What is required for application review to pass? When you review the Epic Account Services terms and conditions for a product on the Developer Portal, you must submit several materials for review alongside your agreement, including application name, privacy policy URL, your web domain, and a logo/image for the application. Once all of these materials have been provided, the Submit button is unlocked.

These materials then undergo the following review:

  • Developer Verification: Verifies that you are who you say you are. Verification requires some form of identification such as a Business Licence, Certification of Incorporation, or TAX/VAT certificate, or personal methods such as a Passport, Government Photo ID, or Driver's License.

  • Domain Verification: We make sure that you own the provided web domain.

  • Application Brand Verification: We make sure that you own your logo or associated brands/trademarks. We also ensure that submitted materials or images do not violate any of our brand policies. There should not be any obscene or inappropriate names or images.

If you meet all of the above criteria, your application can then be verified, and all audience restrictions will be removed. In the future, this will be expanded to a multi-stage review process, where each level of verification will lift another layer of restrictions.

Can my application request the user's authorization even if it hasn't passed review? Unverified applications are only visible to users within your organization. If your application is not verified, the end user will see a dialog stating that your application is not verified and asking if they still want to continue. If the user agrees, they will then be shown the normal authorization dialog. Your application must be verified to lift the audience restriction and be publicly visible.

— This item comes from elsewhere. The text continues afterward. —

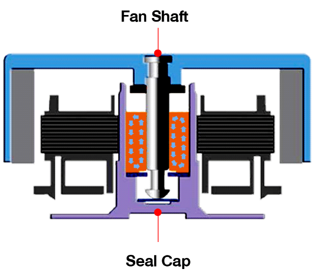 Το υδραυλικό ρουλεμάν αυτολιπαίνεται με μια υψηλής ποιότητας ουσία που μειώνει την τριβή, η οποία μειώνει τον θόρυβο λειτουργίας και ενισχύει τη θερμική απόδοση. Το καπάκι στεγανοποίησης αποτρέπει τη διαρροή του λιπαντικού και παρατείνει τη διάρκεια ζωής της μονάδας.

When I input a name for an application for a client, does it have to be a unique name? Application and client names in Epic Account Services do not need to be unique. This is to prevent "domain theft" by abusive users, who could potentially snatch obvious application names for well-known products before their actual owners create pages for them. Instead, we rely on the brand verification/review process to ensure that brands and products are legitimate.

**How does Epic respond to malicious/unauthorized duplicates? Malicious or unauthorized duplicates remain unverified, which means that they are not visible to users outside of the developers' organization. In the future we will support the following measures as well:

  • Domain Verification: False domains will be blacklisted.

  • Application Reporting: There will be a link on the consent dialog for reporting false domains.

  • Brand Review: We will verify that either the name being used is either unclaimed or owned by your organization.